• _Task to complete_
Each record below is to be copied word for word, with pictures removed.

• _Recorded data_
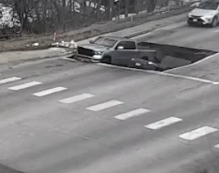 Në video shihen dy vetura që ndalojnë në semafor të kuq, kur papritur asfalti shembet poshtë tyre dhe të dyja bien në gropë.
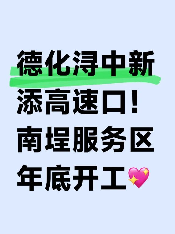 交通局9月最新文件显示,政永高速德化段即将在明年底启动浔中镇石鼓村的北出入口建设,规划中的项目占地面积暂时保密。这可是继现有东、石龙溪、石牛山三个出入口后,给西北片区居民的新年礼包!
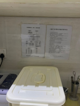 (c)清洁维护结束打包好的手机 (d)诊所张贴的消毒灭菌程序
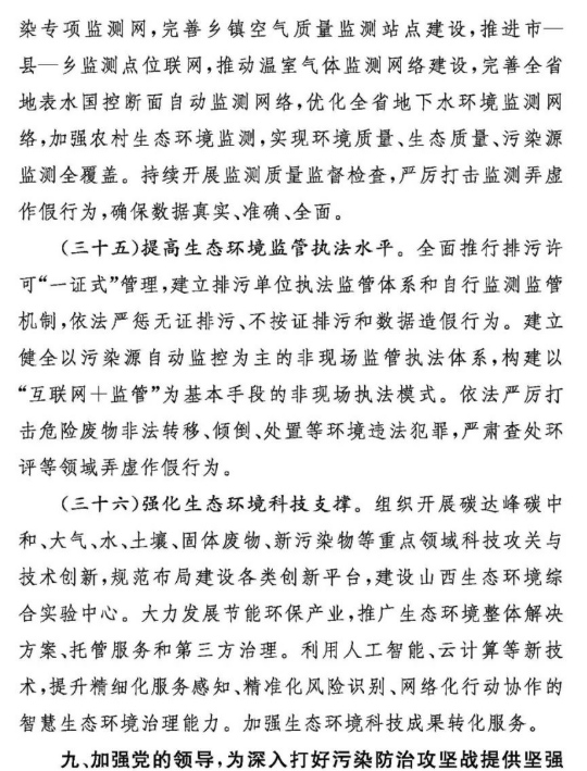 11月8日,山西政府網(wǎng)發(fā)布《關(guān)于深入打好污染防治攻堅(jiān)戰(zhàn)的實(shí)施意見》。
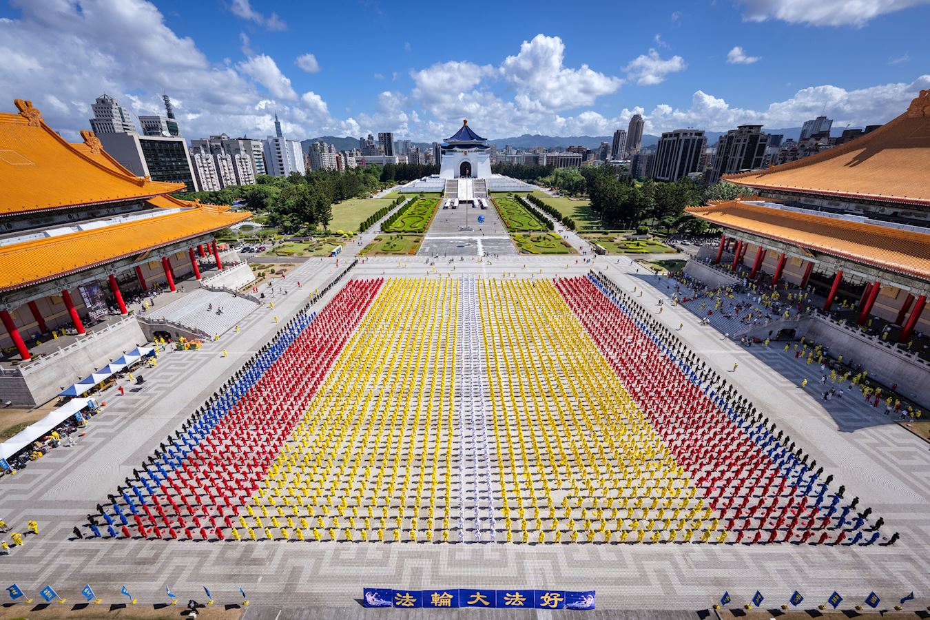 ![]() 圖1:二零二五年十月十八日,約五千名法輪功學員在台北自由廣場排字,排出歷年來最大的法輪圖形和「法輪常轉」四字。 |
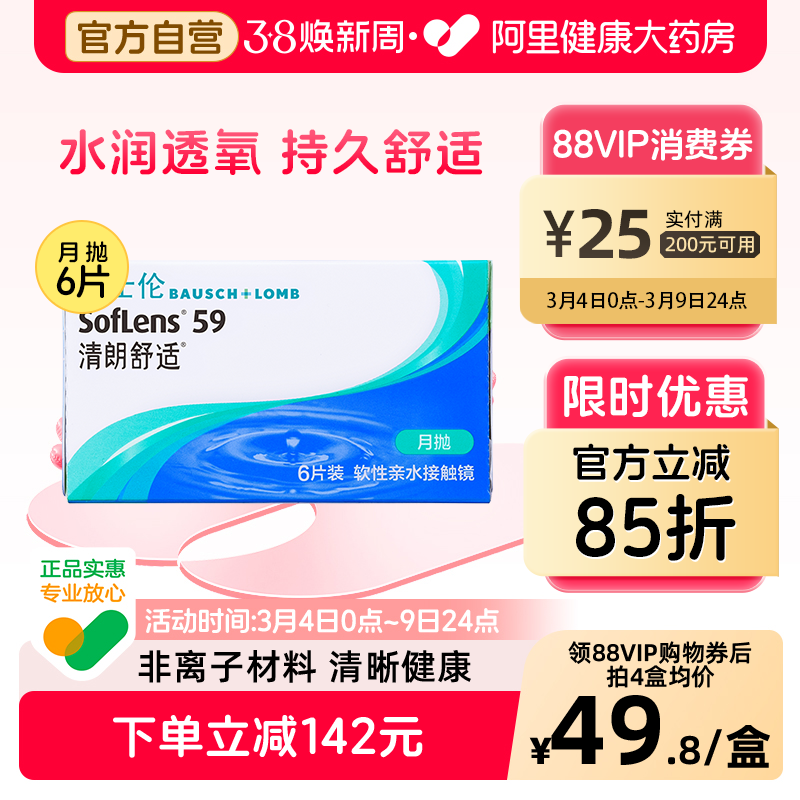 博士伦隐形近视眼镜盒清朗舒适进口月抛6片装眼境旗舰店官网正品

• _Response below_
 Në video shihen dy vetura që ndalojnë në semafor të kuq, kur papritur asfalti shembet poshtë tyre dhe të dyja bien në gropë.
 交通局9月最新文件显示,政永高速德化段即将在明年底启动浔中镇石鼓村的北出入口建设,规划中的项目占地面积暂时保密。这可是继现有东、石龙溪、石牛山三个出入口后,给西北片区居民的新年礼包!
 (c)清洁维护结束打包好的手机 (d)诊所张贴的消毒灭菌程序
 11月8日,山西政府網(wǎng)發(fā)布《關(guān)于深入打好污染防治攻堅(jiān)戰(zhàn)的實(shí)施意見》。
 ![]() 圖1:二零二五年十月十八日,約五千名法輪功學員在台北自由廣場排字,排出歷年來最大的法輪圖形和「法輪常轉」四字。 |
 博士伦隐形近视眼镜盒清朗舒适进口月抛6片装眼境旗舰店官网正品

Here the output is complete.